-- Opening Marker --

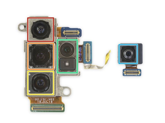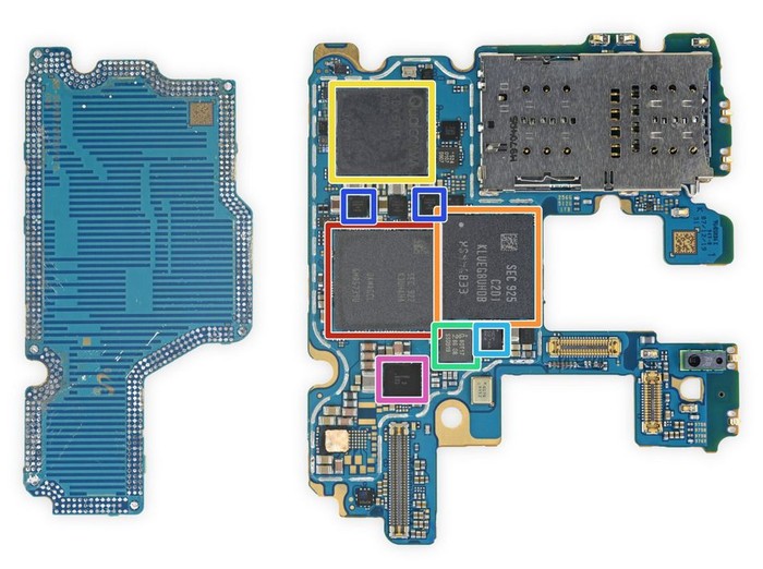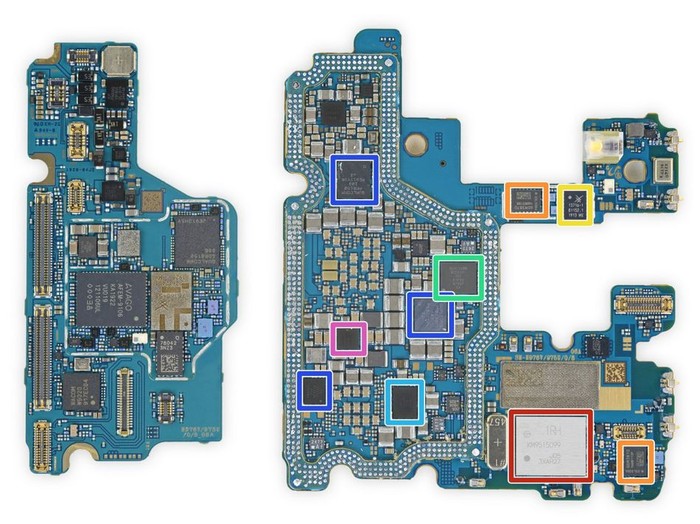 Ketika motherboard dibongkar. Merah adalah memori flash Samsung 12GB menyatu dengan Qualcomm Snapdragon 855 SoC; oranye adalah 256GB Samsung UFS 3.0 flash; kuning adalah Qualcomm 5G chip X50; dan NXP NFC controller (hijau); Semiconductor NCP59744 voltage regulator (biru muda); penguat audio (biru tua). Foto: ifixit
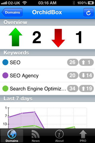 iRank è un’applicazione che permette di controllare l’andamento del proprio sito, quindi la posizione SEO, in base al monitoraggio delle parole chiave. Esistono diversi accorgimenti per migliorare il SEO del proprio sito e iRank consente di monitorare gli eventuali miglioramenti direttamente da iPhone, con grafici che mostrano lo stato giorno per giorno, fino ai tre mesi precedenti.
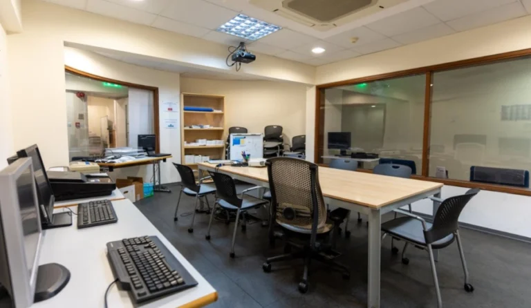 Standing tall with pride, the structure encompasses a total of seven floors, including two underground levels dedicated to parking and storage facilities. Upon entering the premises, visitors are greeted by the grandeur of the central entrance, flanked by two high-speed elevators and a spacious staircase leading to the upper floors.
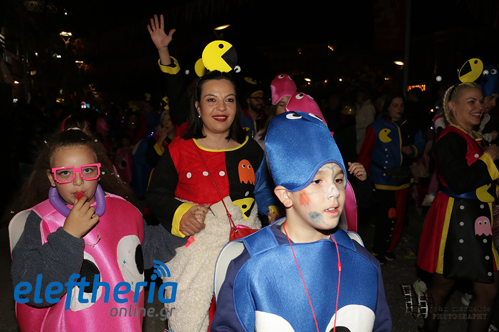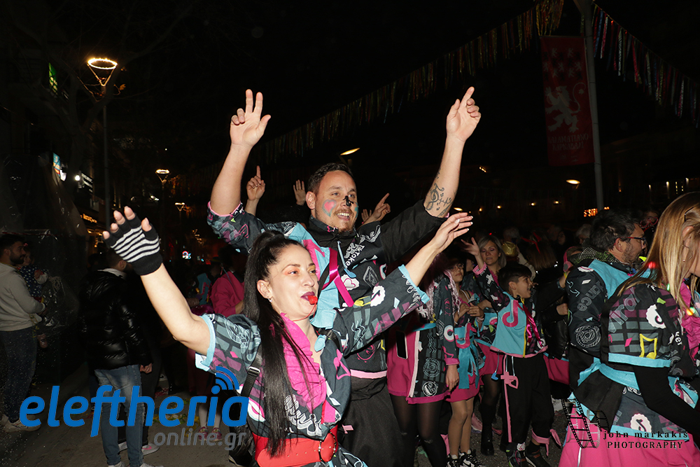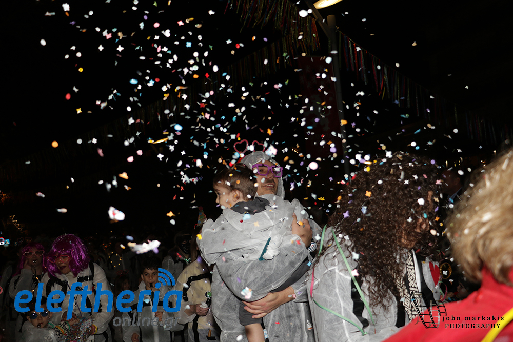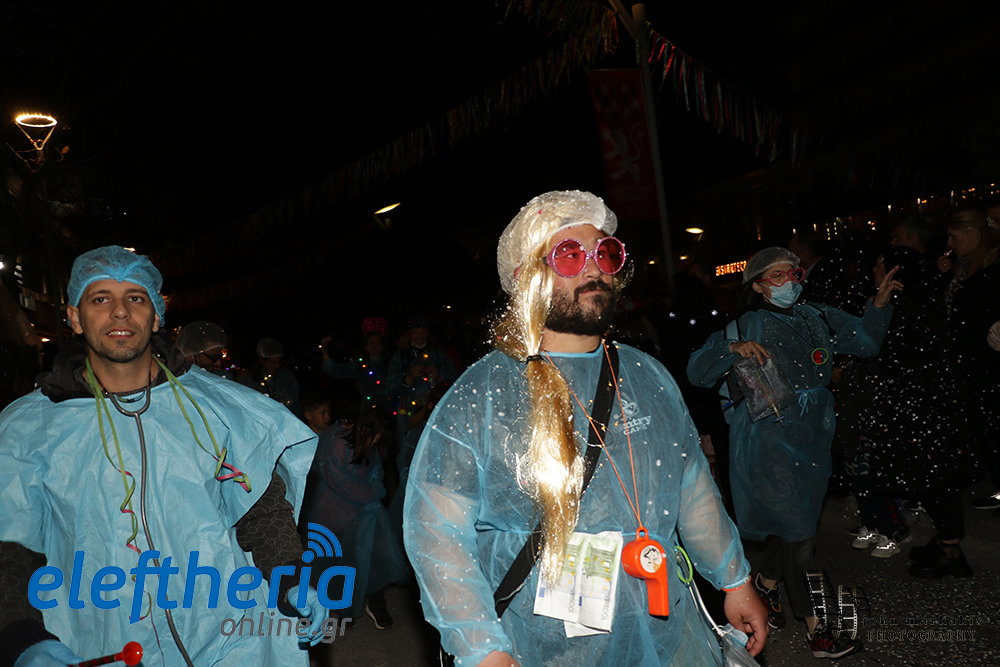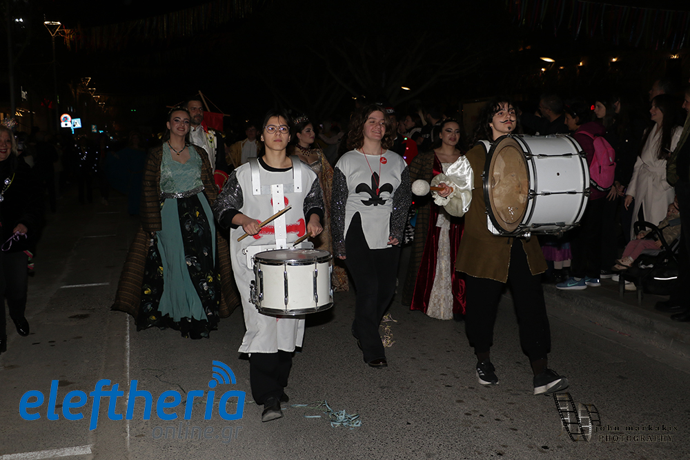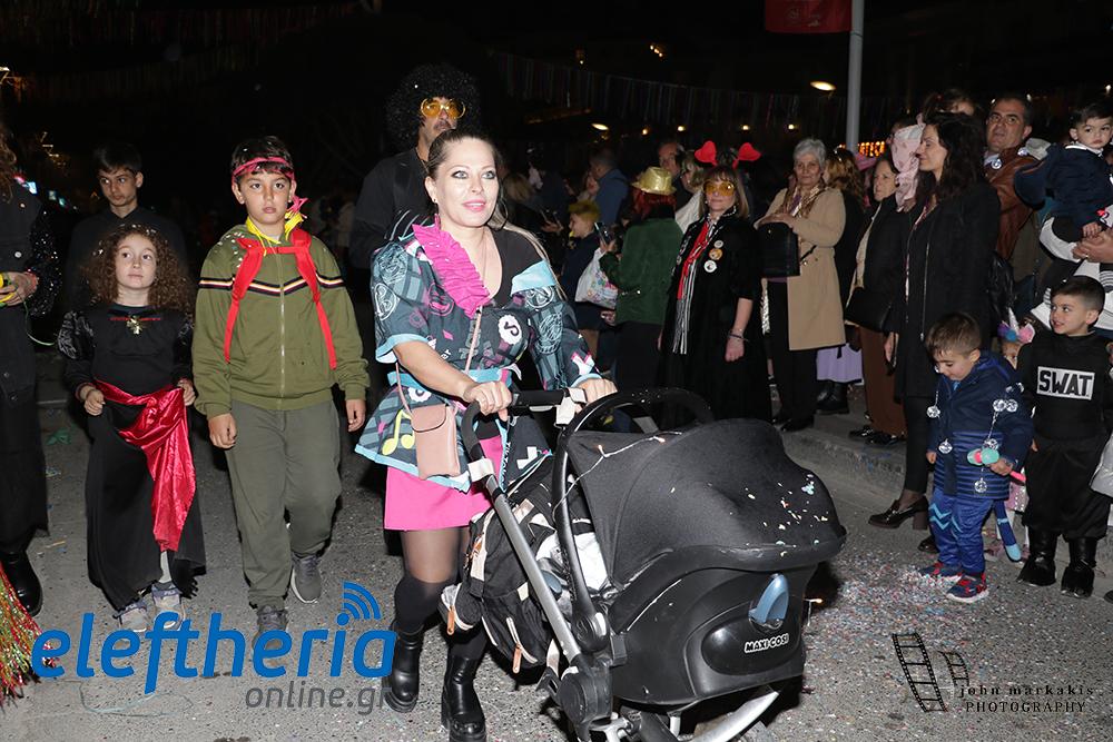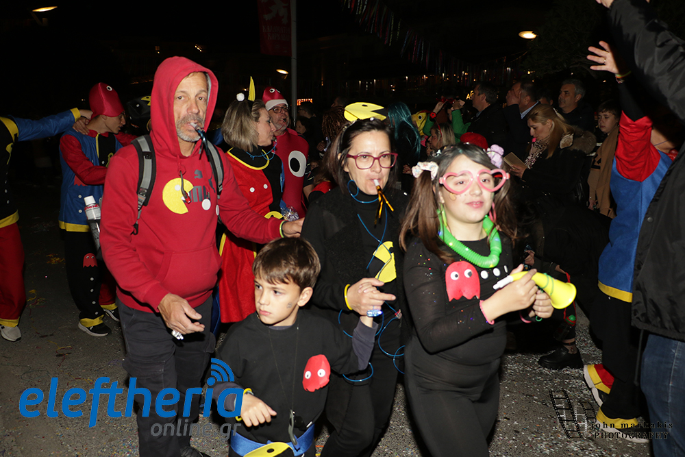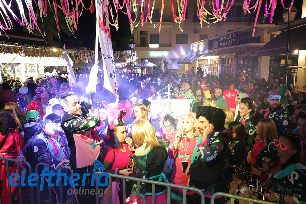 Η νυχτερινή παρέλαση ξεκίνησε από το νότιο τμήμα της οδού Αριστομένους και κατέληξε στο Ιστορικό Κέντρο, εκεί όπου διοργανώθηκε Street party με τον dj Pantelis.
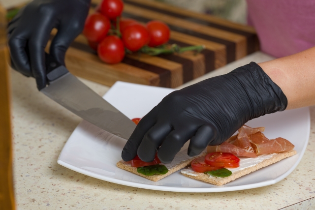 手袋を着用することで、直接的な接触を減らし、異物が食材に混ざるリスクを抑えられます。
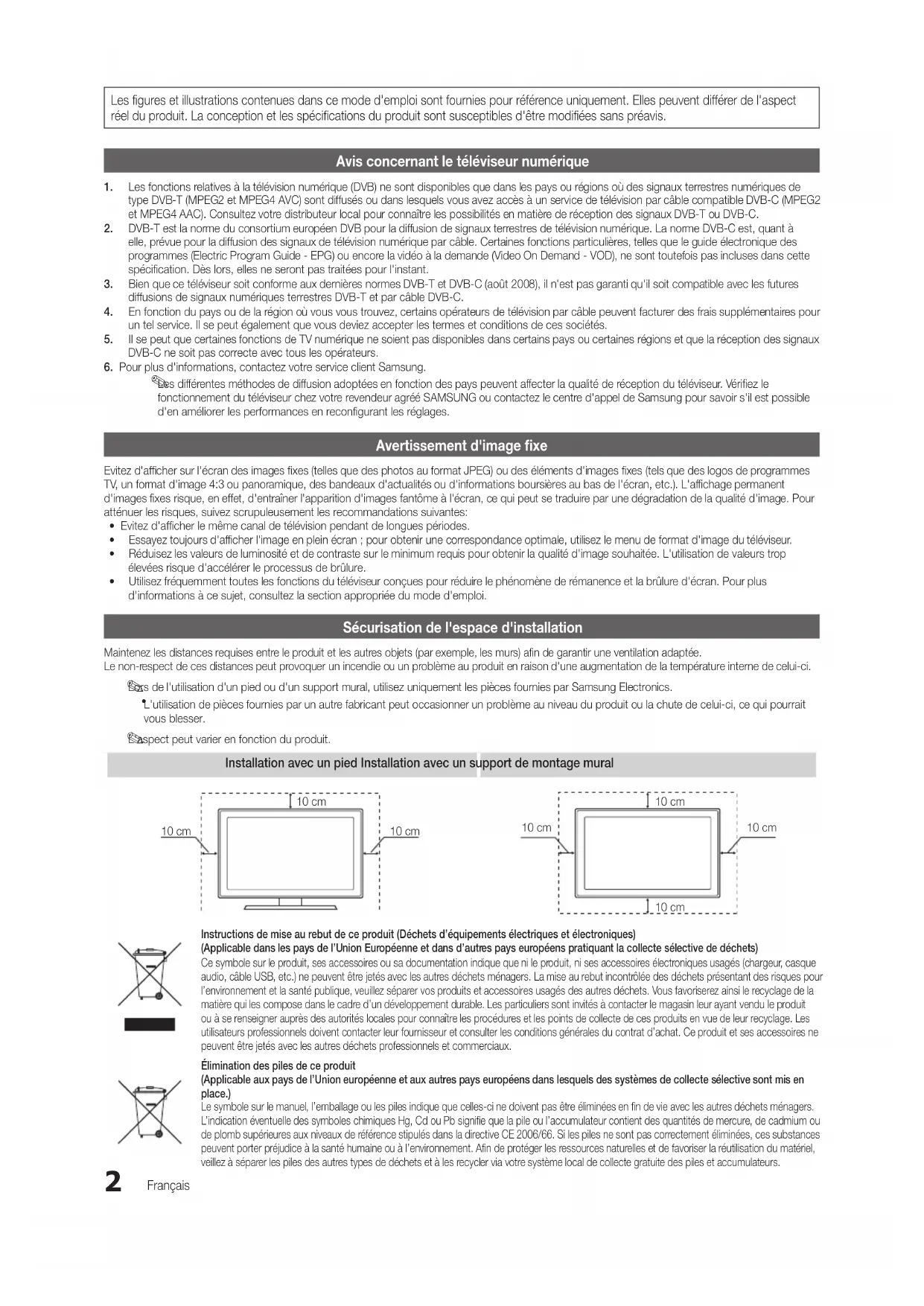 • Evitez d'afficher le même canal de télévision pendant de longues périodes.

-- Closing Marker --

Would you restate all of the data above word for word, omitting the pictures?

 Ketika motherboard dibongkar. Merah adalah memori flash Samsung 12GB menyatu dengan Qualcomm Snapdragon 855 SoC; oranye adalah 256GB Samsung UFS 3.0 flash; kuning adalah Qualcomm 5G chip X50; dan NXP NFC controller (hijau); Semiconductor NCP59744 voltage regulator (biru muda); penguat audio (biru tua). Foto: ifixit
 iRank è un’applicazione che permette di controllare l’andamento del proprio sito, quindi la posizione SEO, in base al monitoraggio delle parole chiave. Esistono diversi accorgimenti per migliorare il SEO del proprio sito e iRank consente di monitorare gli eventuali miglioramenti direttamente da iPhone, con grafici che mostrano lo stato giorno per giorno, fino ai tre mesi precedenti.
 Standing tall with pride, the structure encompasses a total of seven floors, including two underground levels dedicated to parking and storage facilities. Upon entering the premises, visitors are greeted by the grandeur of the central entrance, flanked by two high-speed elevators and a spacious staircase leading to the upper floors.
 Η νυχτερινή παρέλαση ξεκίνησε από το νότιο τμήμα της οδού Αριστομένους και κατέληξε στο Ιστορικό Κέντρο, εκεί όπου διοργανώθηκε Street party με τον dj Pantelis.
 手袋を着用することで、直接的な接触を減らし、異物が食材に混ざるリスクを抑えられます。
 • Evitez d'afficher le même canal de télévision pendant de longues périodes.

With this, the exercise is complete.